- Country of origin: United States

Production
- Producers: Gary Waksman, David Gavant and David Check
- Production companies: ESPN MLB Productions

Original release
- Network: ESPN
- Release: October 5, 2010

= Four Days in October =

2010 ESPN documentary film

Four Days in October is a baseball documentary produced by ESPN and MLB Productions. It is episode 18 in the first season of ESPN's 30 for 30 series.

The film chronicles the last four games of the 2004 American League Championship Series (ALCS) between the Boston Red Sox and the New York Yankees. The series became famous when the Red Sox—who lost the first three games of the series to the Yankees—became the first team in Major League Baseball history to win a best-of-seven playoff series after falling behind 0–3.
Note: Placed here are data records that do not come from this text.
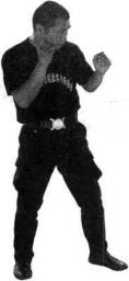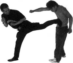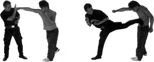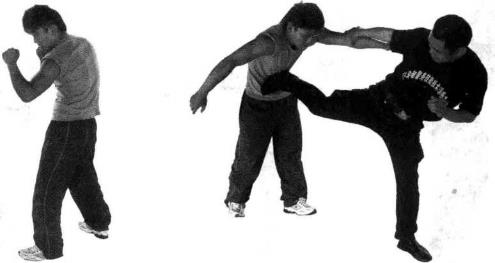 例2插步后蹬。双方伺机进攻而距离较远时后腿插步接近对方后蹬腿击打对方胸部(图3-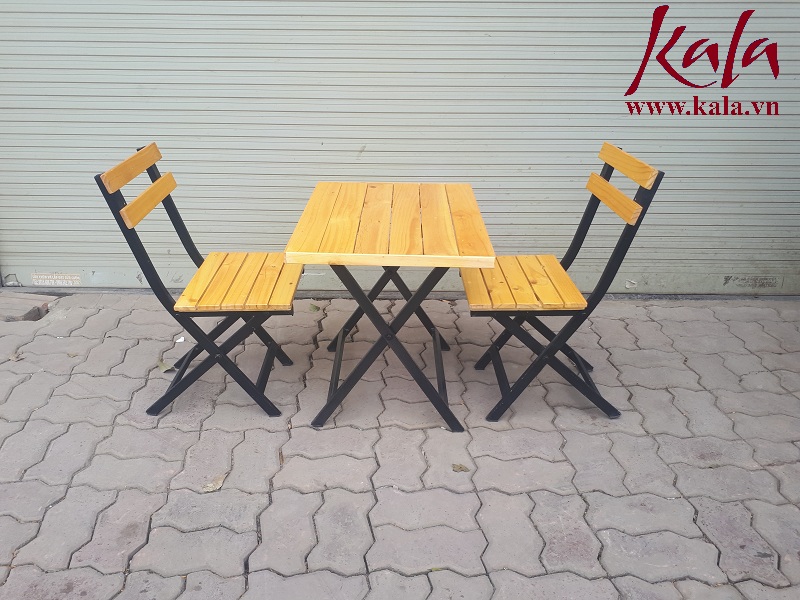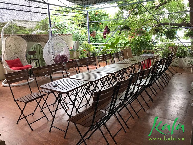 Ảnh 4: Bàn ghế cafe IKEA mini được làm bằng khung sắt rất chắc chắn kết hợp với gỗ màu vàng càng làm tăng sự đặc biệt cho bộ bàn ghế là là sự lựa chọn hoàn hảo cho không gian ngồi vỉa hè, có thể gấp gọn rất tiện lợi.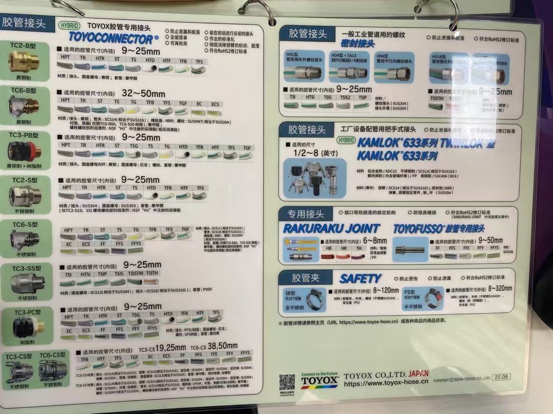 提供豐富的膠管與接頭組合,覆蓋耐熱、耐油、耐藥品、食品級(jí)等多種類型,適用于流體輸送領(lǐng)域的多樣化需求。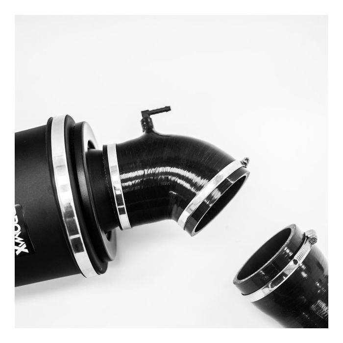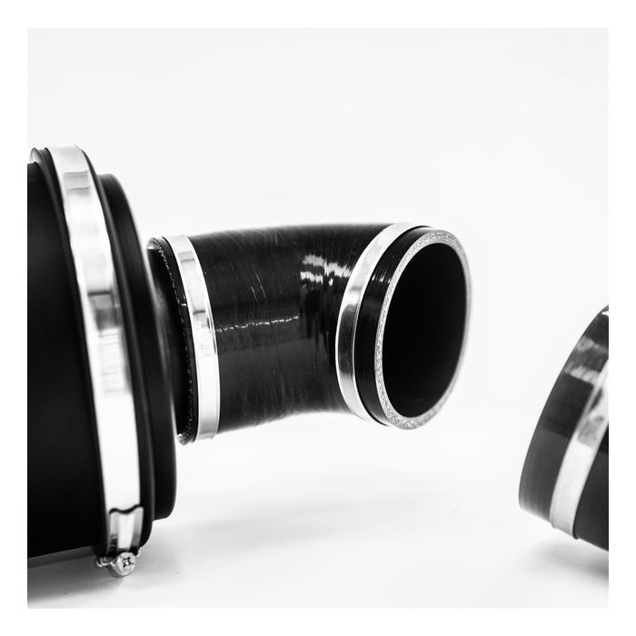 This kit also includes custom silicone hoses from filter to turbo to increase performance and overall design aesthetics. The added hoses help create a more direct, undisturbed air flow for max performance gains.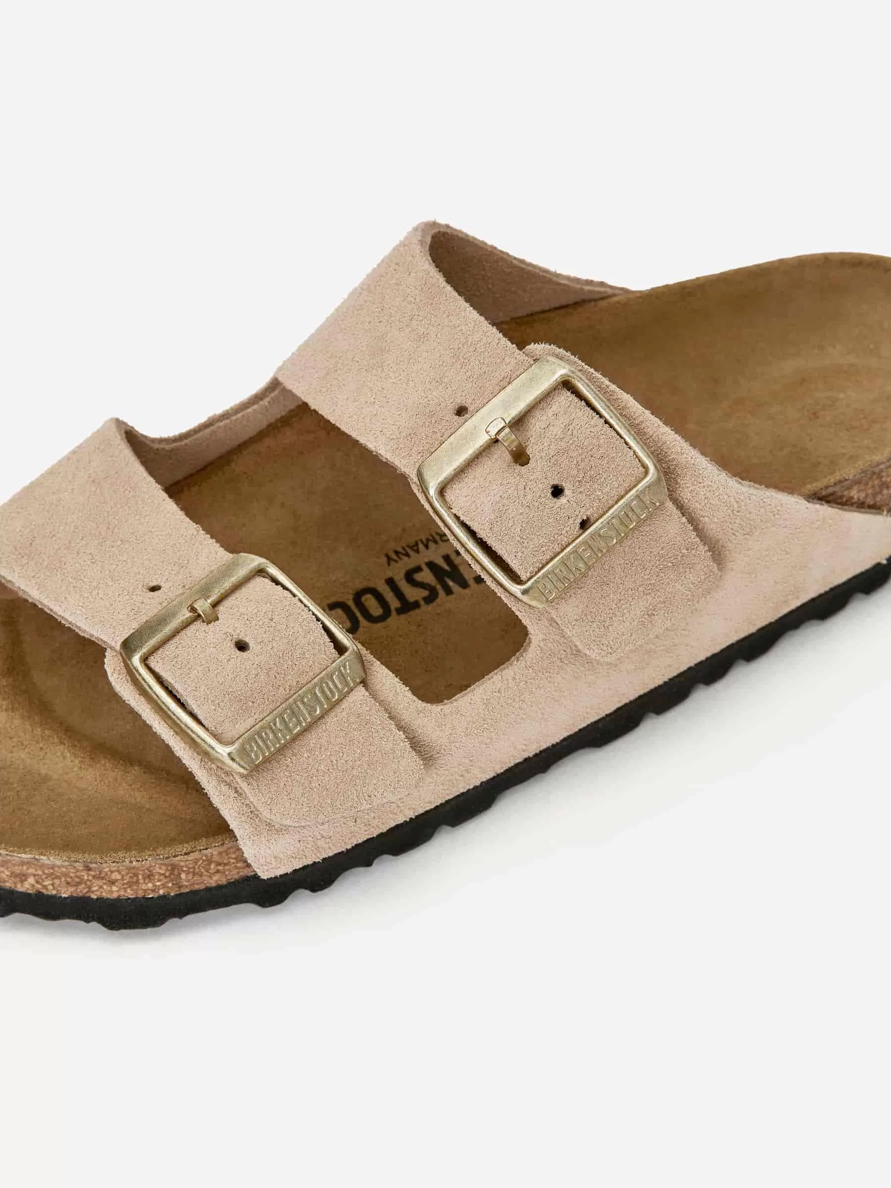 Der Birkenstock Arizona ist mit seinem zeitlosen Design ein echter Klassiker. Mit einem anatomisch geformten Fußbett aus Kork-Latex und einem Obermaterial aus hochwertigem Wildleder bieten die Sandalen einen natürlichen Tragekomfort. Die Doppelgurte sind mit Metallschnallen verstellbar. Futter aus Wildleder. Außensohle aus EVA.

The documentary begins with highlights of the Yankees–Red Sox rivalry over the years and then shows some highlights from Game 3, which the Yankees won, 19–8, at Fenway Park in Boston. The show's narrative begins with Game 4. The Yankees were just three outs away from sweeping the Red Sox at Fenway Park and advancing to their 40th World Series appearance, when the Red Sox rallied to tie the game in the 9th inning and later won it on a home run by David Ortiz to keep the series alive. The ninth-inning rally proved to be the series' turning point, as the Red Sox proceeded to win the next three games, clinching the series at Yankee Stadium.

A week later, the Red Sox swept the National League (NL) champion St. Louis Cardinals to win their first World Series championship in 86 years, ending the 2004 postseason on an eight-game winning streak.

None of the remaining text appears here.